Make an exact copy of the records, dropping all pictures.
+++ GIVEN DATA
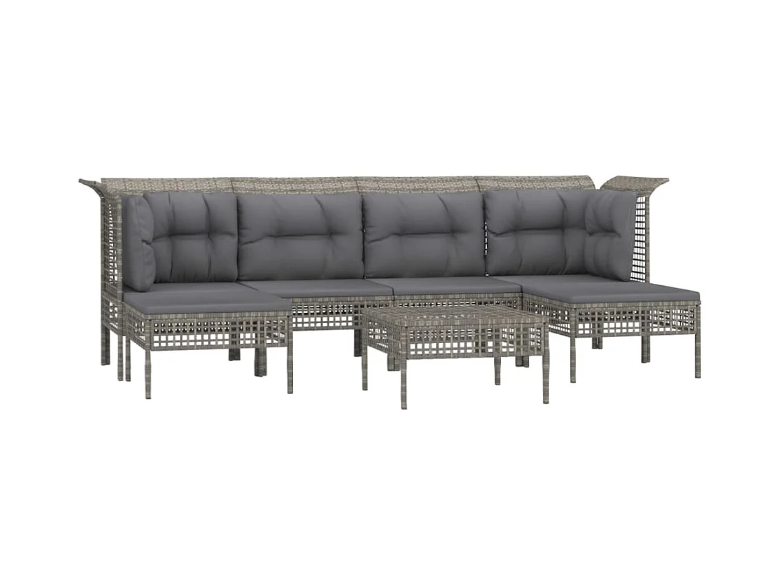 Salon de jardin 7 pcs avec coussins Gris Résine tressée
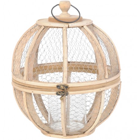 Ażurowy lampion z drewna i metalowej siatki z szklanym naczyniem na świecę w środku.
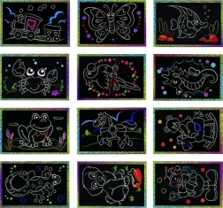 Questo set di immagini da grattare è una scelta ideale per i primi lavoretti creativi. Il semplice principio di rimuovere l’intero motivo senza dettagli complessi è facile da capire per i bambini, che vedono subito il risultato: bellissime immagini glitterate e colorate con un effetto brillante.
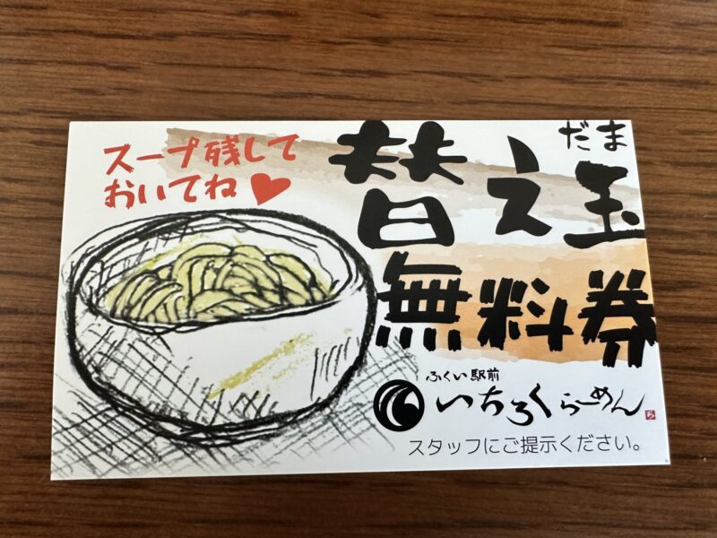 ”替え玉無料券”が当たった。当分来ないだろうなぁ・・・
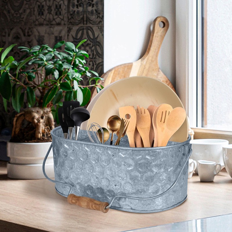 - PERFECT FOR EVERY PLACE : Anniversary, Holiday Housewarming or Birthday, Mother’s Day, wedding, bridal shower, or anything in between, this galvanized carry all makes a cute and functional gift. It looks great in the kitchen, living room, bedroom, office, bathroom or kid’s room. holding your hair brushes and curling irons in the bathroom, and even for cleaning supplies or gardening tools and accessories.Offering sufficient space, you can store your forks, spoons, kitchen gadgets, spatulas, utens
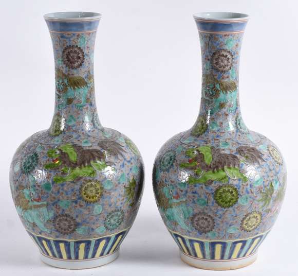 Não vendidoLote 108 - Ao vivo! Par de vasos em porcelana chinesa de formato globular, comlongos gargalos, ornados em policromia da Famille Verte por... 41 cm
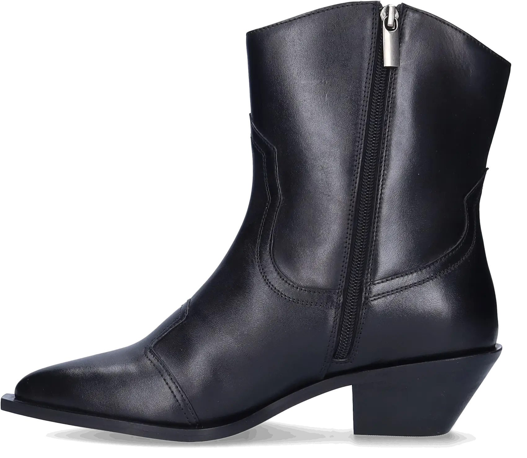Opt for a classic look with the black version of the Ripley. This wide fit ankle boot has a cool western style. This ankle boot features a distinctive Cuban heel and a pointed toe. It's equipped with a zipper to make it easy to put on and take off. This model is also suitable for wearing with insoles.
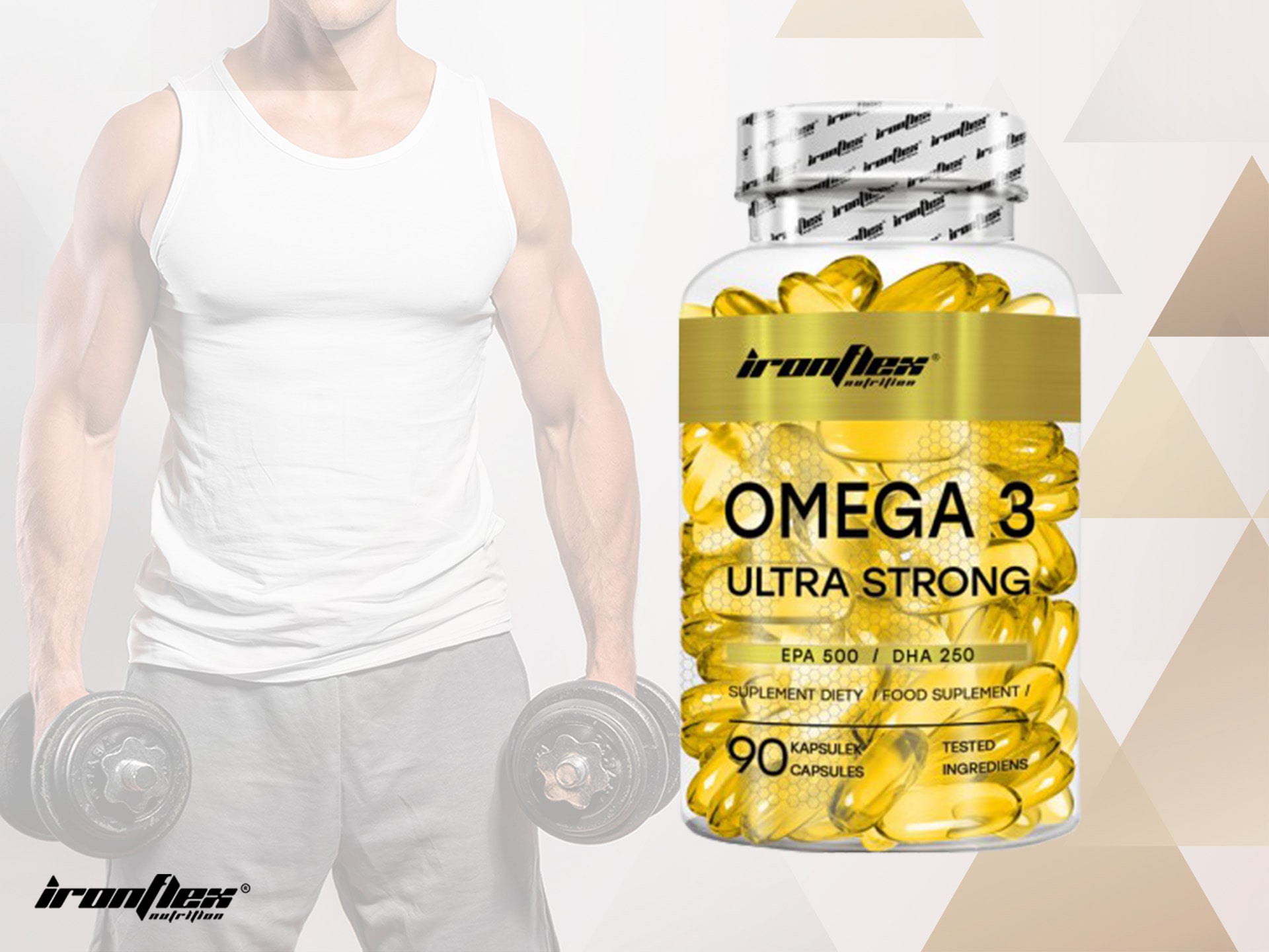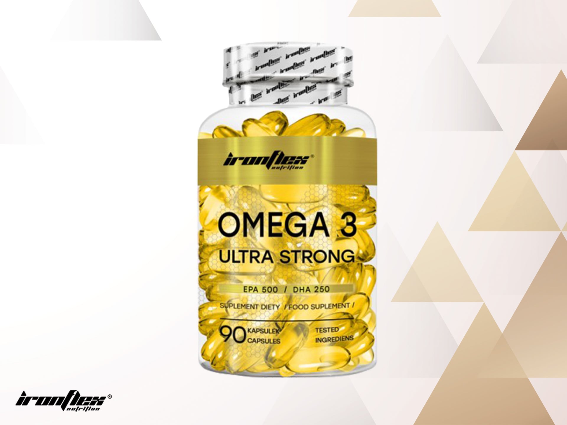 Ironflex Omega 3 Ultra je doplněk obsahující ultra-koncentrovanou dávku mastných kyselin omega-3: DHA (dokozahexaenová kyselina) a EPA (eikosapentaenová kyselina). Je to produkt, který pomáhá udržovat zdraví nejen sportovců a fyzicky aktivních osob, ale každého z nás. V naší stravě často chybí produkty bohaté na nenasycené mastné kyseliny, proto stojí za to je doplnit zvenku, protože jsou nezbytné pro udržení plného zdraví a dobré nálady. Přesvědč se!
++++++
> ANSWER AREA
 Salon de jardin 7 pcs avec coussins Gris Résine tressée
 Ażurowy lampion z drewna i metalowej siatki z szklanym naczyniem na świecę w środku.
 Questo set di immagini da grattare è una scelta ideale per i primi lavoretti creativi. Il semplice principio di rimuovere l’intero motivo senza dettagli complessi è facile da capire per i bambini, che vedono subito il risultato: bellissime immagini glitterate e colorate con un effetto brillante.
 ”替え玉無料券”が当たった。当分来ないだろうなぁ・・・
 - PERFECT FOR EVERY PLACE : Anniversary, Holiday Housewarming or Birthday, Mother’s Day, wedding, bridal shower, or anything in between, this galvanized carry all makes a cute and functional gift. It looks great in the kitchen, living room, bedroom, office, bathroom or kid’s room. holding your hair brushes and curling irons in the bathroom, and even for cleaning supplies or gardening tools and accessories.Offering sufficient space, you can store your forks, spoons, kitchen gadgets, spatulas, utens
 Não vendidoLote 108 - Ao vivo! Par de vasos em porcelana chinesa de formato globular, comlongos gargalos, ornados em policromia da Famille Verte por... 41 cm
Opt for a classic look with the black version of the Ripley. This wide fit ankle boot has a cool western style. This ankle boot features a distinctive Cuban heel and a pointed toe. It's equipped with a zipper to make it easy to put on and take off. This model is also suitable for wearing with insoles.
 Ironflex Omega 3 Ultra je doplněk obsahující ultra-koncentrovanou dávku mastných kyselin omega-3: DHA (dokozahexaenová kyselina) a EPA (eikosapentaenová kyselina). Je to produkt, který pomáhá udržovat zdraví nejen sportovců a fyzicky aktivních osob, ale každého z nás. V naší stravě často chybí produkty bohaté na nenasycené mastné kyseliny, proto stojí za to je doplnit zvenku, protože jsou nezbytné pro udržení plného zdraví a dobré nálady. Přesvědč se!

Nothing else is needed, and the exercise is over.